Finish: fruit/berries, bitter wood, slightly floral, savory vanilla

Unsurprisingly, there is a lot of overlap with the flavor profile of El Dorado 5 Year. However, ED3 is lighter and a bit more crisp, with flavors that edge towards savoriness, rather than the sweeter profile of ED5. Though not the first thing I would reach for as a sipping rum, it is quite balanced and approachable, while retaining a solid flavor density. Best of all, ED3 is an excellent value, usually running under $20 for a 750 mL bottle. All of that makes it perfect for cocktails where you want the rum to be present without overwhelming the other ingredients. For instance...

1.5 oz rum
0.75 oz dry vermouth
0.25 oz orange liqueur
0.5 tsp grenadine (sub raspberry syrup)

Combine all ingredients, stir with ice for fifteen seconds, then strain into a chilled cocktail glass.

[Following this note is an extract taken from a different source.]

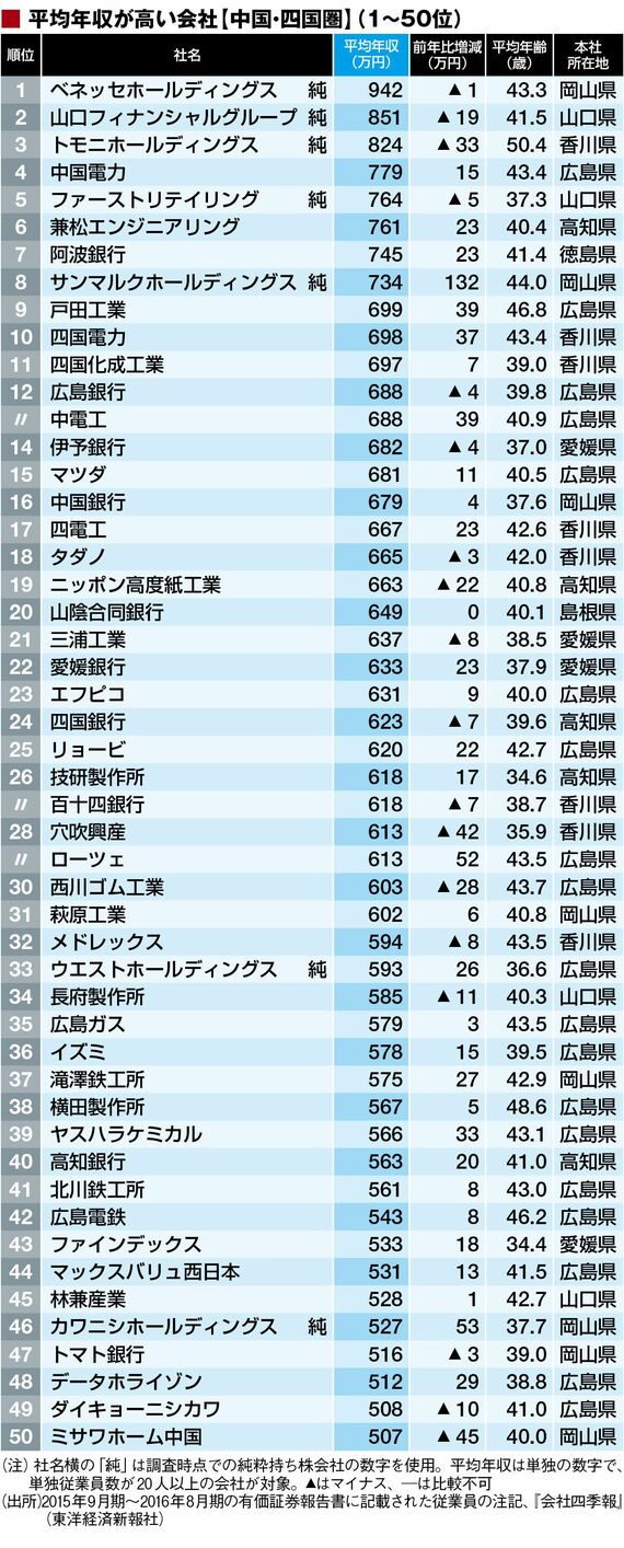政治・経済・投資 #賃金・生涯給料ランキング 前の記事 次の記事 平均年収「地方に本社置く316社」ランキング 九州、中国・四国、東北などの高給企業は? 3分で読める 公開日時:2017/01/17 06:00 田中 久貴 東洋経済データ事業局 フォロー 1/7 PAGES 2/7 PAGES 3/7 PAGES 4/7 PAGES 次ページが続きます:【続いて中国・四国の51~113位】 5/7 PAGES 6/7 PAGES 7/7 PAGES

The nose is a delicate melange of the vermouth's aromatics, some floral notes, orange peel, raspberry, and rum. The sip begins fairly neutrally, with depth building as the drink progresses across the tongue. Mild sweetness comes in first, with vanilla and orange, then trends a bit more bitter as the vermouth takes over, supplemented by the rum. The finish is pure dry cacao.

The history of this drink is debated, but the established facts are that it was created in Cuba around the time of Prohibition, when numerous Americans would sail to the island for a drinking vacation. I can see why it was such a smash - the drink is simultaneously ethereal and hard-hitting. While containing naught but booze, but it still manages to sneak up on you. It's fruity, but not overly so. Sweet, but not overly so. Bitter, but not overly so. Everything is in perfect tension. And the choice of rum feels spot-on for this drink.

In a daiquiri, ED3 produces a fairly delicate nose, with gentle vanilla and a hint of lime. The vanilla comes in sweetly at the beginning of the sip and carries through. Lime hits mid-palate, giving the drink crispness. Near the back, the sweetness fades a bit towards light bitterness and becomes more rounded, with rummy depth. Overall, I would say this is an exceptional daiquiri - every element hitting with supreme poise.

I don't know how much of a wrap-up I need. Go buy this rum. Right now.